Ross McKillop bought the telly from UK retailer John Lewis but felt distinctly undersold when he turned it on to find the internet-connected device displaying advertising on its electronic programme guide menu.
“If you press the menu button to change between like TV or Netflix or, or whatever, even different sources, there’s an advert panel,” lamented McKillop to The Reg. “It seems that people accept this.”
Irritated by the giant advert for Samsung’s own wares, McKillop took to Twitter to ask the obvious question. The answer was surprisingly blunt.
Hey, Ross. Congratulations on your new TV. You wouldn’t be able to disable the ads we’re afraid. ^HA
— Samsung UK (@SamsungUK) October 27, 2021
“The more annoying [advert],” McKillop told us, “is the one that appears on the application menu, on every menu [level].”
Such a problem is, sadly, not new, as we reported about a year ago when other Samsung TV customers began wondering where the giant adverts splattered all over their TVs’ user interfaces had come from.
“I expect Netflix to promote Netflix’s products or Netflix programming on a service I pay for because it’s a service,” stormed McKillop, adding that he didn’t expect to have his TV’s manufacturer insert unavoidable advertising into his new box.
Smart readers (like our man Ross) know that you can kill ads at home with innovations such as the Pi-Hole home network-level adblocker.
Our reader also pointed out that the adverts on his new internet-connected telly were not visible in Samsung’s marketing videos about the product.
We asked Samsung if it wished to comment. The manufacturer failed to respond. McKillop has since returned his TV to retailer John Lewis.

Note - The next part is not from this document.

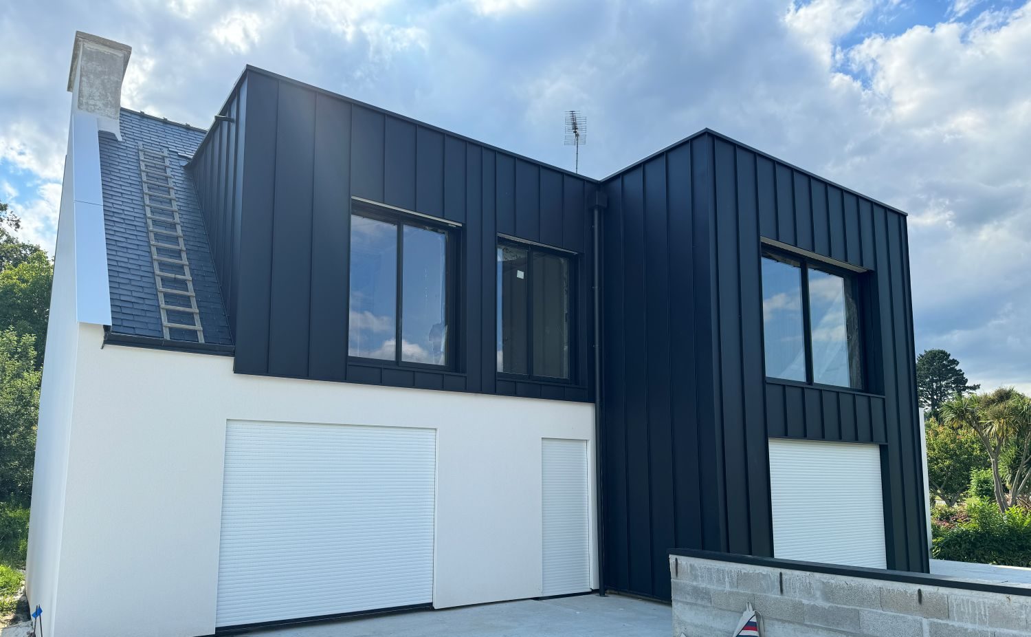Réalisation contemporaine - construction traditionnelle enduite 1 étage.

This kind of subtle-but-invasive monitoring was the subject of a warning by an American university professor in 2019 who described it as “a cesspit of surveillance”.
The devices can pose a security risk unless they’re treated like any other internet-connectable device, as the Korean giant itself reminded tellywatchers a couple of years ago (well, they deleted that Twitter missive but El Reg doesn’t forget).
All in all, if you’re buying a Samsung TV, just remember that you’re not only paying for a big panel so you can watch reruns of Friends; you’re also paying to be part of Samsung’s global TV advertising network.